:: EXERCISE OBJECTIVE ::
Would you please set down, word for word, the lines from the one with "Añadir a la" through the final line of the data below, omitting any pictures?

:: EXERCISE DATA ::

═══

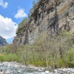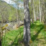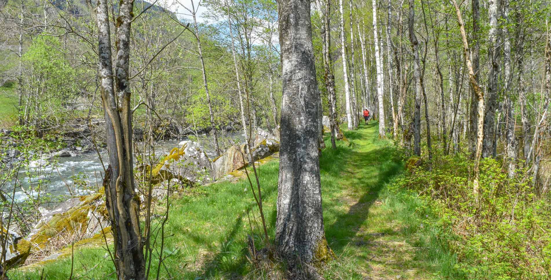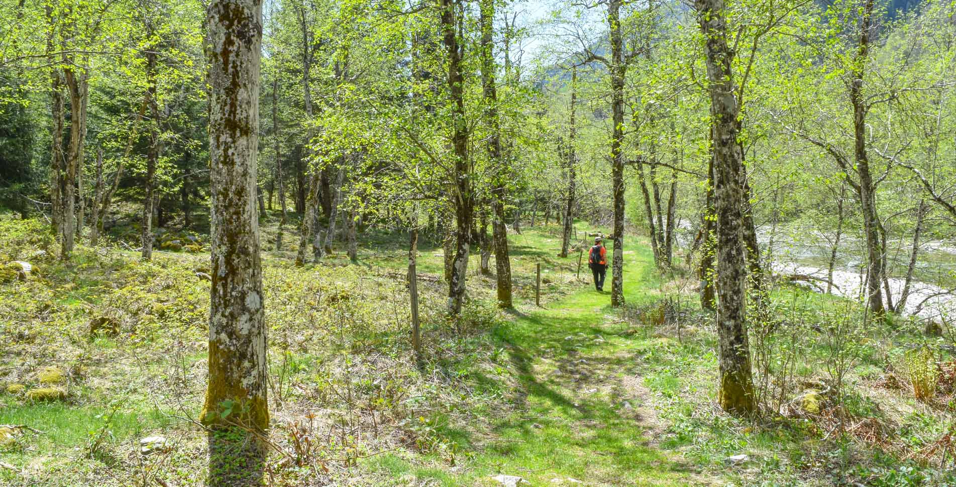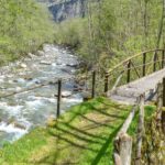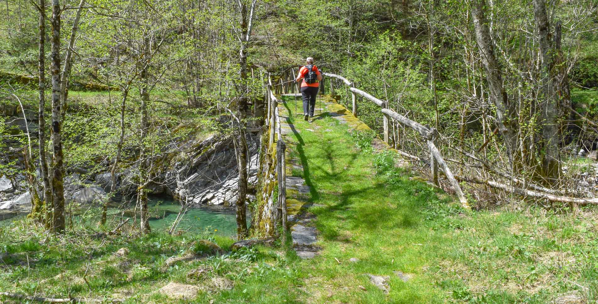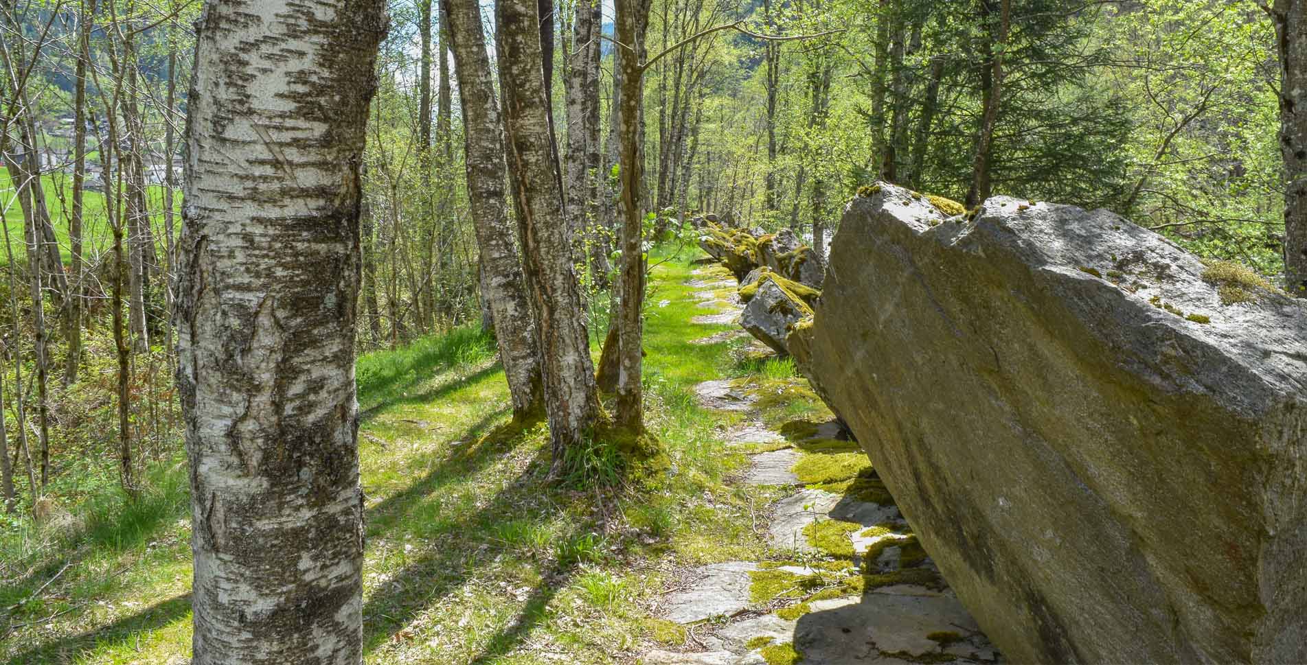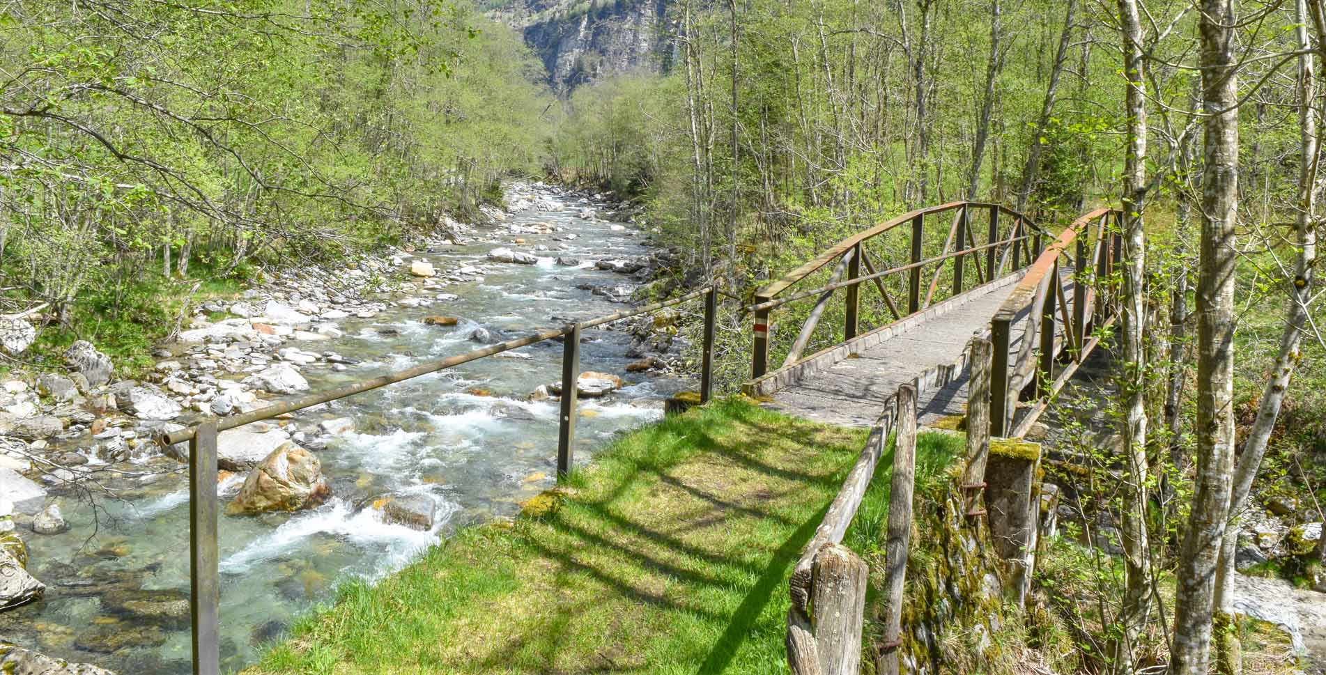 Die Route führt zum Weiler Cauco, wo man über die Brücke zur Bushaltestelle und dann der Strasse entlang talwärts weiter geht. In rund 5 Minuten ist die Bushaltestelle Bodio GR (Cauco) erreicht, wo man nach links abbiegt und wieder zur Calancasca gelangt. Bald geht man über die nächste Brücke auf die andere Flussseite. Zunächst auf dem breiten Wanderweg, dann immer direkt dem Flussufer folgend, auf schmalem Pfad weiter. Ein herrlicher Wegabschnitt, gesäumt mit Birken, grossen Steinplatten und dem Wildbach zur Rechten, wie eine Allee.
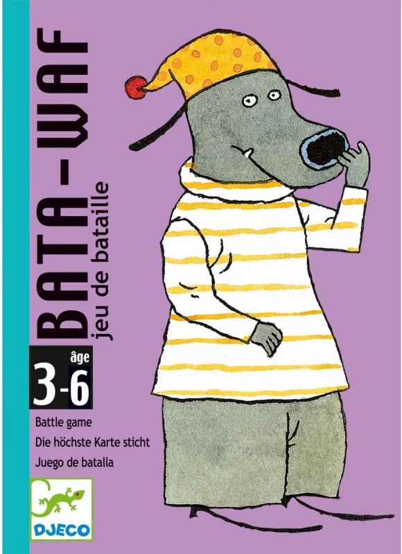 Añadir a la lista de Deseos-Un adorable juego de batalla para los más pequeños con divertidas ilustraciones de perros. 1, 2, 3: los jugadores dan la vuelta a la vez a la primera carta de su mano: el perro más grande gana la baza. Si hay varios perros del mismo tamaño, ¡hay «Bata-Waf»! Cuando un jugador ha ganado todas las cartas, gana la partida.
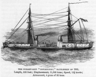 Turret-ships, as first constructed, were very heavily, armoured, and in consequence rather unseaworthy. Being intended for coast defence only, they always had a harbour available in bad weather, and sails were not required as they were never far from a coal supply.

═══

:: RESULT ::
 Añadir a la lista de Deseos-Un adorable juego de batalla para los más pequeños con divertidas ilustraciones de perros. 1, 2, 3: los jugadores dan la vuelta a la vez a la primera carta de su mano: el perro más grande gana la baza. Si hay varios perros del mismo tamaño, ¡hay «Bata-Waf»! Cuando un jugador ha ganado todas las cartas, gana la partida.
 Turret-ships, as first constructed, were very heavily, armoured, and in consequence rather unseaworthy. Being intended for coast defence only, they always had a harbour available in bad weather, and sails were not required as they were never far from a coal supply.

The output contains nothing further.